Specialized float arrays
Wednesday, July 25, 2007
I added float arrays to Factor. A float array behaves like an array of floats, except the representation is more efficient; individual elements are not boxed.
Literal float arrays look like F{ 0.64 0.85 0.43 0.16 0.37 }
.
Float arrays can provide a performance benefit if the compiler is able to infer enough information to unbox float values. For example, consider the following word:
: v+ [ + ] 2map ;
It takes two arrays and adds elements pairwise. Let’s try timing the performance of this word with normal arrays:
( scratchpad ) { 0.64 0.85 0.43 0.16 0.37 0.64 0.85 0.43 0.16 0.37 } dup [ 1000000 [ 2dup v+ drop ] times ] time
3200 ms run / 25 ms GC time
Now float arrays:
( scratchpad ) F{ 0.64 0.85 0.43 0.16 0.37 0.64 0.85 0.43 0.16 0.37 } dup [ 1000000 [ 2dup v+ drop ] times ] time
3653 ms run / 70 ms GC time
It is actually slower! This is because each element access has to
allocate a new float on the heap. But now, lets use the new hints
vocabulary to give a hint to the compiler that v+
should be optimized
for float arrays:
HINTS: v+ float-array float-array ;
This has the effect of compiling a version of this word specialized to float arrays. Here, the compiler can work some magic and eliminate boxing altogether:
( scratchpad ) F{ 0.64 0.85 0.43 0.16 0.37 0.64 0.85 0.43 0.16 0.37 } dup [ 1000000 [ 2dup v+ drop ] times ] time
974 ms run / 10 ms GC time
I used float arrays to make the spectral norm benchmark faster: the run time went from 120 seconds to 30 seconds. The raytracer was not improved by float arrays, though; I need to investigate why.
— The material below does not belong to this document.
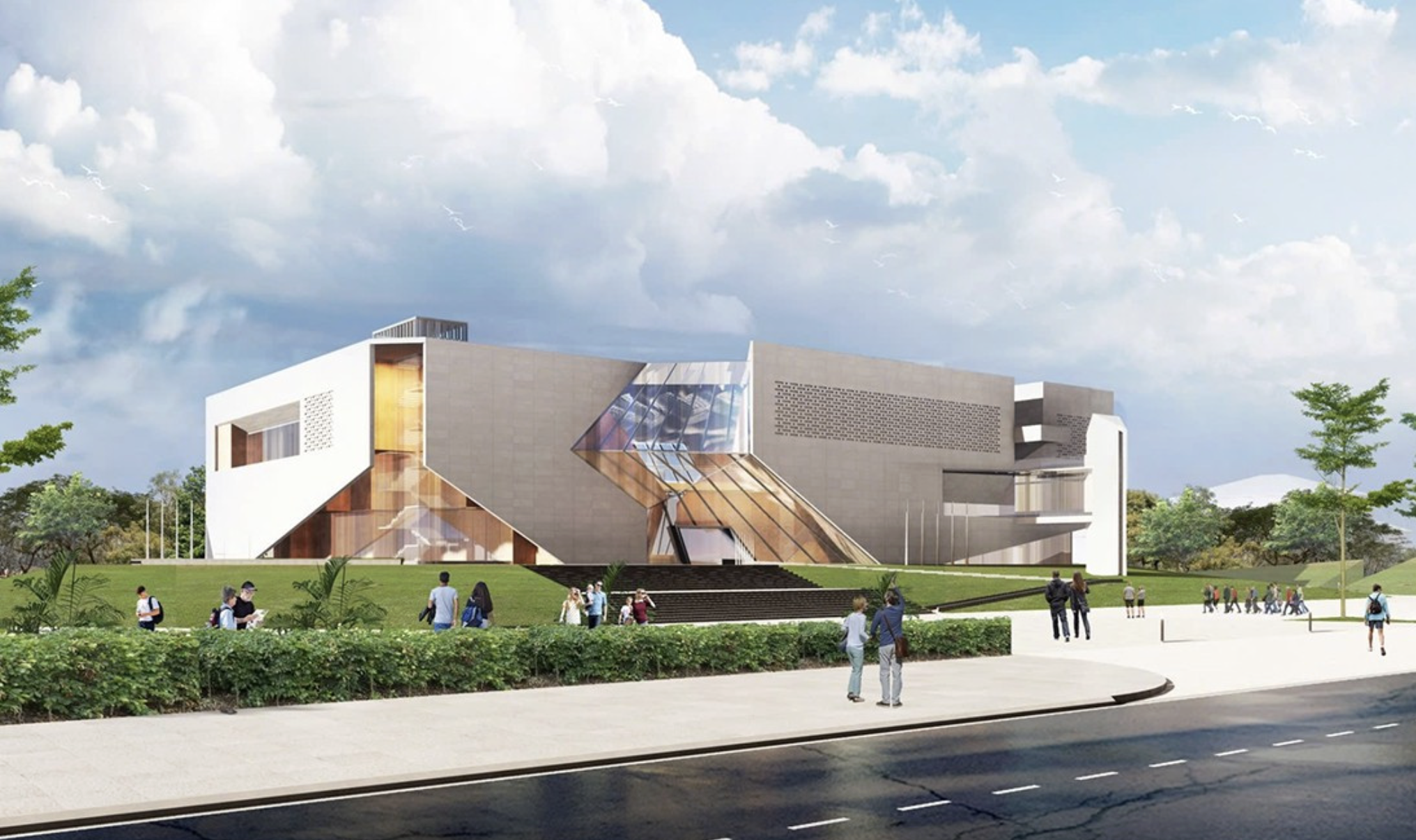 Phối cảnh Bảo tàng Hà Tĩnh - công trình vừa khởi công tháng 12-2025, được kỳ vọng sẽ là trung tâm công nghiệp văn hóa tầm vóc quốc tế của miền Trung - nơi không chỉ trưng bày hiện vật tái hiện lịch sử Hà Tĩnh mà còn là nơi tổ chức sự kiện, triển lãm, hoạt động văn hóa kết nối mạng lưới di sản UNESCO và mang tinh hoa văn học Hán - Nôm Việt Nam ra thế giới - Ảnh: TGCC

Also float array operations are only compiled efficiently on PowerPC right now. I need to code some new assembly intrinsics for the other platforms.
Float arrays can be passed to C functions directly. Long-term, somebody should look into using SSE2 and AltiVec to optimize vector operations on float arrays. That would really rock.